§ **WORK INSTRUCTIONS**: The lines below, from the one holding "At the presentation" through the one holding "Довга силуетна сукня", are to be restated word for word, with all images left out.

***** DATA FOR THIS TASK

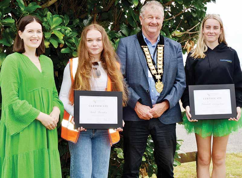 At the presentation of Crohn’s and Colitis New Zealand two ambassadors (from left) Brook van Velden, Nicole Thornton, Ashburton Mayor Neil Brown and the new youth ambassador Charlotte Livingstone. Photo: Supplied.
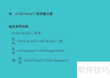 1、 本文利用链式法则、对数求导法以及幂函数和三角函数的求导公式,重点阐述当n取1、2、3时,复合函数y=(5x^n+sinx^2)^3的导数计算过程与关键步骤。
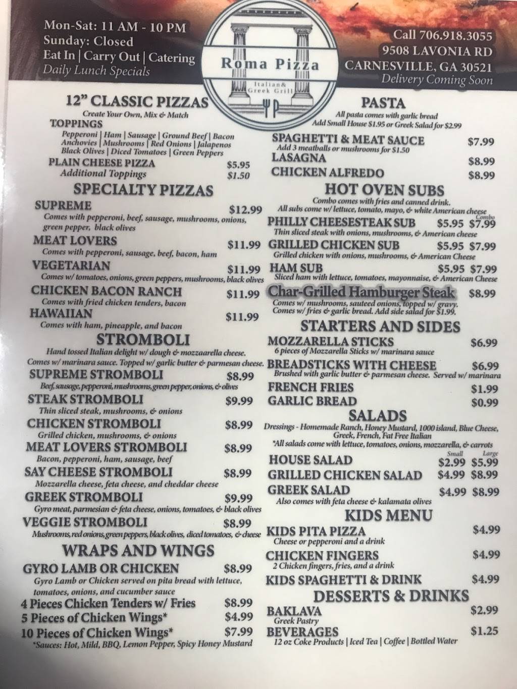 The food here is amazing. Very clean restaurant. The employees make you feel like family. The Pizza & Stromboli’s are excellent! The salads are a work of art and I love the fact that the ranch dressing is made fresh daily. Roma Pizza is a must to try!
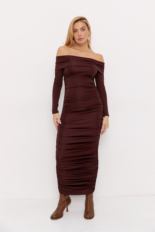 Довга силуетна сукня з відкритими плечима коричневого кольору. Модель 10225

**********
***** DATA FOR THIS TASK

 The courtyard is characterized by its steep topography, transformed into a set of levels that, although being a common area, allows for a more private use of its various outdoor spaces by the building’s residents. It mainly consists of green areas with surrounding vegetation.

**********
***** DATA FOR THIS TASK

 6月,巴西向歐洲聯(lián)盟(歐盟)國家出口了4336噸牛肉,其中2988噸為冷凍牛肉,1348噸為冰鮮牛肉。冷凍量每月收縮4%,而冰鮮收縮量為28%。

**********

§ **EXERCISE OUTPUT**:
 At the presentation of Crohn’s and Colitis New Zealand two ambassadors (from left) Brook van Velden, Nicole Thornton, Ashburton Mayor Neil Brown and the new youth ambassador Charlotte Livingstone. Photo: Supplied.
 1、 本文利用链式法则、对数求导法以及幂函数和三角函数的求导公式,重点阐述当n取1、2、3时,复合函数y=(5x^n+sinx^2)^3的导数计算过程与关键步骤。
 The food here is amazing. Very clean restaurant. The employees make you feel like family. The Pizza & Stromboli’s are excellent! The salads are a work of art and I love the fact that the ranch dressing is made fresh daily. Roma Pizza is a must to try!
 Довга силуетна сукня з відкритими плечима коричневого кольору. Модель 10225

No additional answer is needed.